Refueling after exercise is key for rebuilding muscle tissue and glycogen stores. Exercise can break down muscle fibers which hinders building muscle and strength. However, getting adequate nutrition through the day, and after exercise, can offset muscle break down and contribute to muscle growth.
Athletes need about 1.2-1.7 gm/kg of body weight. Most athletes get their recommended amount of protein throughout the day if they eat a balanced diet. You don’t necessarily need to drink o eat a protein supplement after working out.
Supplements can be convenient and portable, but real food can work well for restoring muscles after exercise.
Here are some considerations to keep in mind when planning your post exercise nutrition and protein intake.
When should you be concerned about protein after a workout?
Adults who exercise for 30-60 minutes most days of the week probably don’t need to worry about taking protein right after exercise to restore their muscles.
Eating a balanced diet and eating meals around your workout can provide your body the necessary amount of protein you need to rebuild muscles.
People who exercise with sport specific performance goals, two hours or greater per day, is trying to build muscle mass or has multiple exercise sessions per day will benefit more from making sure they have adequate carbohydrate and protein after exercise. They may need additional supplements and calories besides normal meals to meet their goals.
20-25 gm
Most researchers suggest getting 20-25 grams of protein after exercise to help stimulate muscle growth and to increase greater muscle synthesis after exercise. Researchers from the Gatorade Sports Science Institute (GSSI) suggest the range of 20-25grams of protein after exercise for athletes up to 200 pounds should be adequate for stimulating protein synthesis.
Most protein powders will provide this amount of protein with a single serving, or eating a meal can provide this amount of protein.
Larger athletes
Larger athletes may need a higher amount of protein after exercise to stimulate muscle synthesis. Larger athletes may need closer to 30-40 grams of protein after exercise to rebuild muscle after strenuous exercise.
According to researchers from GSSI, studies suggest that there may be a cap of protein’s benefits at 40 grams per serving. So eating a supplement that contains 50 grams of protein after exercise may not work better than something that provides 20-25 grams of protein.
What kind of protein?
Most research studies with protein and exercise recovery have studied whey protein because it is rich in branched chain amino acids, which are used for muscle growth. Whey protein is considered a complete protein meaning you get all essential amino acids, and it has a high bioavailability.
Use caution with whey protein supplements, as they are considered a supplement.
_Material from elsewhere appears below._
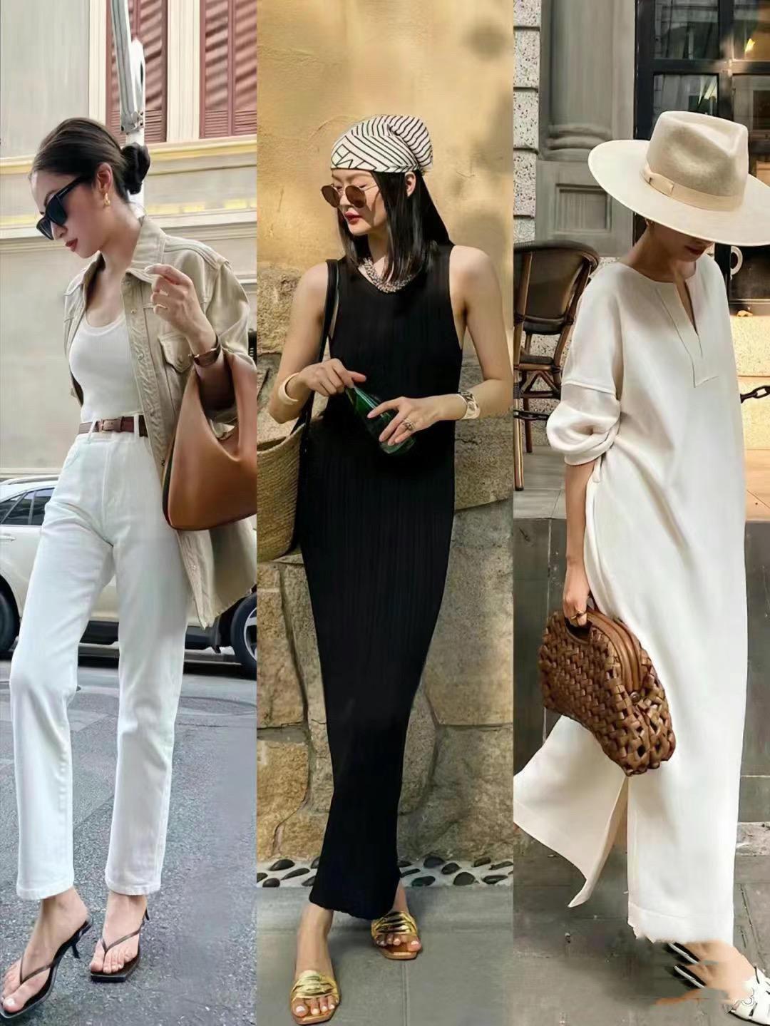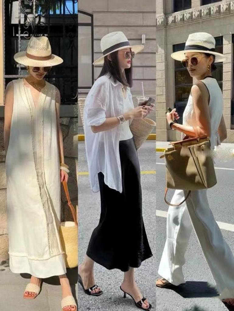 夏天的時候,我們可以選擇素色系的連衣裙、或者簡約的闊腿褲、半身裙,避免多餘設計,只保留原始的形態即可。就像寬鬆的白色V領連衣裙,寬鬆且及踝的裙襬、有一種文雅之美,很輕盈也很嫺靜。

The safety, quality and purity of supplements is not regulated by the FDA. Whey protein may lower blood sugar which can be a concern for diabetics and is not recommended for people with a dairy allergy.
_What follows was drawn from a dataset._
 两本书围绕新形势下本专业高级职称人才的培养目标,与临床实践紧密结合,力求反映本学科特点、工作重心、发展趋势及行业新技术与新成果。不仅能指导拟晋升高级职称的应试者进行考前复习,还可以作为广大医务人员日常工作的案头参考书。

Must read: Are there any side effects of protein powders?
Eating a meal with animal or vegetarian protein food sources can provide 20 grams after exercise, and some supplements use alternative protein sources from dairy. However, they may not be as high in branched chain amino acids compared to whey protein.
Don’t forget carbohydrates
Protein is critical for rebuilding muscles after exercise, but carbohydrates are also an important recovery item, especially for endurance athletes or athletes with multiple training sessions per day.
Consuming adequate carbohydrates after exercise, along with protein, can help rebuild glycogen stores in muscles and save muscles from further breakdown in back to back workouts.
Timing
Getting protein after exercise, ideally within 60 minutes, is important for rebuilding muscles after exercise. However, consuming adequate protein even 24 hours post exercise can further stimulate muscle synthesis.
Eating 20 grams of protein every 3 hours may give an additional advantage to building muscle post exercise, according to some research studies. Again, this can be done with food alone or may be from a supplement.
Muscle synthesis after exercise can be up regulated 24-48 hours after intense exercise with proper nutrition.
Conclusion
Exercise, in the long run, can increase muscle strength. However, just after an exercise session, muscle fibers are broken down and need to be built back up. Most adults can meet protein and nutrition needs from eating balanced meals around exercise.
Intense exercise, long duration exercise and specifically trying to gain more muscle mass may warrant additional protein intake on top of regular meals and snacks.
Most research suggests getting 20-25 grams after exercise can help keep muscle synthesis greater than muscle break down. Getting adequate protein intake throughout the day can further benefit muscle growth.
Whey protein provides a high concentration of branched chain amino acids, which are used primarily for building muscle tissue. Other types of animal or vegetarian protein can be used after exercise as well, but may not be as beneficial as whey protein.